REST_Case_Comment_v1
@RestResource(urlMapping = '/v1/cases/\\d+/comments')
global class REST_Case_Comment_v1 {
/** The case number identifier */
@TestVisible private static String CASE_NUMBER_KEY = 'caseNumber';
/** The URL format */
@TestVisible private static String URL_FORMAT = '/v1/cases/(?<' + CASE_NUMBER_KEY + '>\\d+)/comments';
/** The keys for the url */
@TestVisible private static List<String> URL_KEYS = new List<String> {
CASE_NUMBER_KEY
};
@HttpGet
global static List<CaseComment> getComments() {
RestRequest req = RestContext.request;
RestResponse res = RestContext.response;
final String requestURL = req.requestURI;
List<CaseComment> result = new List<CaseComment>();
try {
Map<String, String> urlParts = GenericUtils.getPatternMatch(URL_FORMAT, requestURL, URL_KEYS);
List<Case> caseList = [
select CaseNumber,
Description,
Subject
from Case
where CaseNumber = :String.escapeSingleQuotes(urlParts.get(CASE_NUMBER_KEY))
];
if (caseList.isEmpty()) {
throw new GenericUtils.UnknownException('Could not find case');
}
Case c = caseList.get(0);
result = [
select CommentBody
from CaseComment
where ParentId = :c.Id
];
res = RESTUtils.getSuccessResponse(res);
} catch (Exception e) {
result = null;
res = RESTUtils.getRestResponse(res, e);
}
return result;
}
}
Same as our case API, we parse the case number in order to get the case Id for our comment query.

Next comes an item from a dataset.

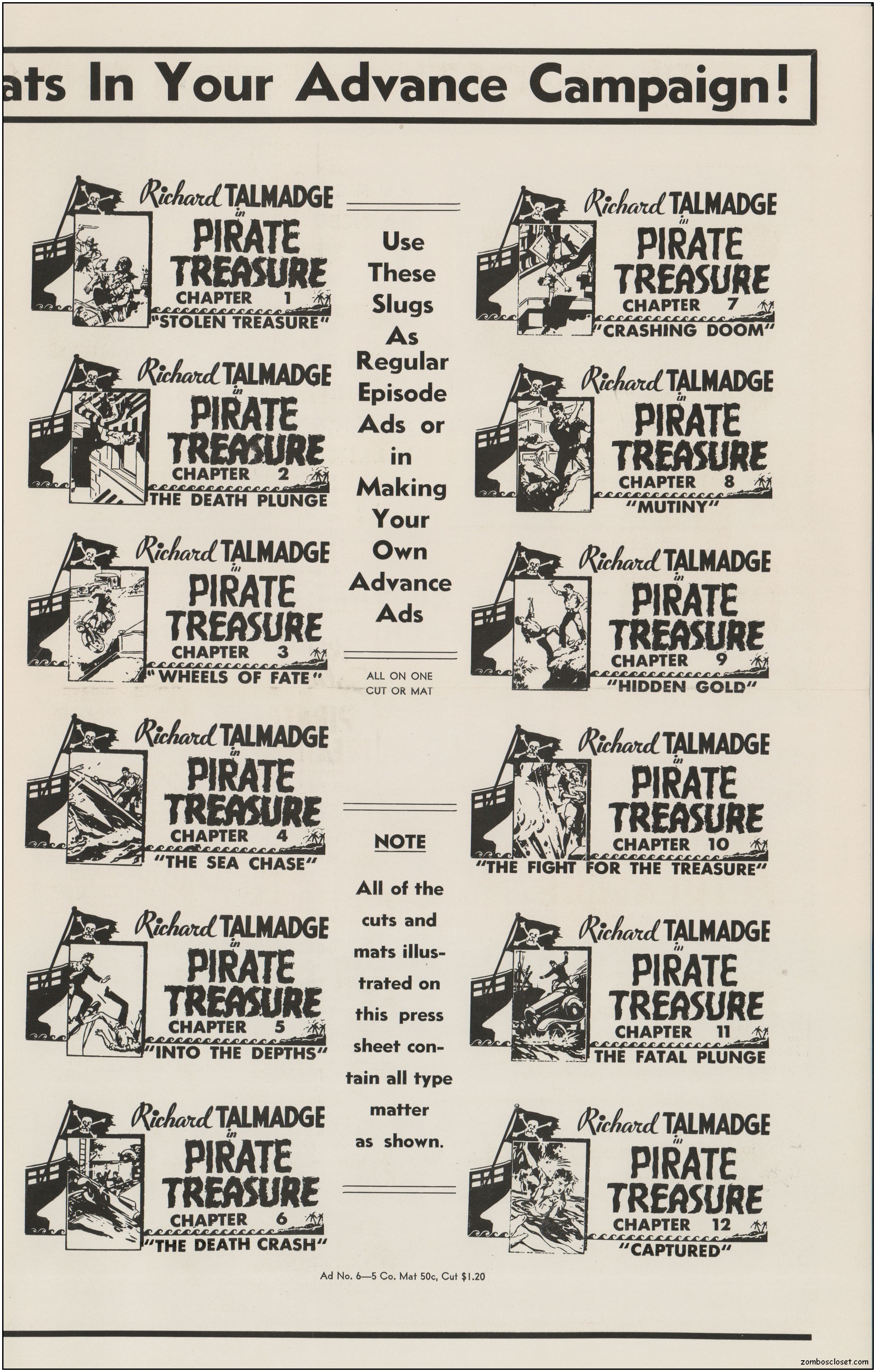 What drew my eye to this pressbook for Pirate Treasure, Universal’s swashbuckling movie serial, was the showmanship page. From lobby stunts, pirate coloring competition, pirate mask and hat, pirate treasure bags, heralds, hangers, and more, it’s a splash of thrills. The stunt work in this serial is noted as stellar too. Yo ho ho!

Again, in the real world we would have these calls in utility methods.
Testing
Now testing REST endpoints is a completely different topic. But let’s look at how we setup our REST contexts to do this type of clean REST endpoint.
RestRequest req = new RestRequest();
req.requestURI = '/v1/cases/' + testCase.CaseNumber + '/comments';
RestResponse res = new RestResponse();
RestContext.request = req;
RestContext.response = res;
so we’ll simply set the requestURI and then when we set the global RestContext value we can read it from that variable.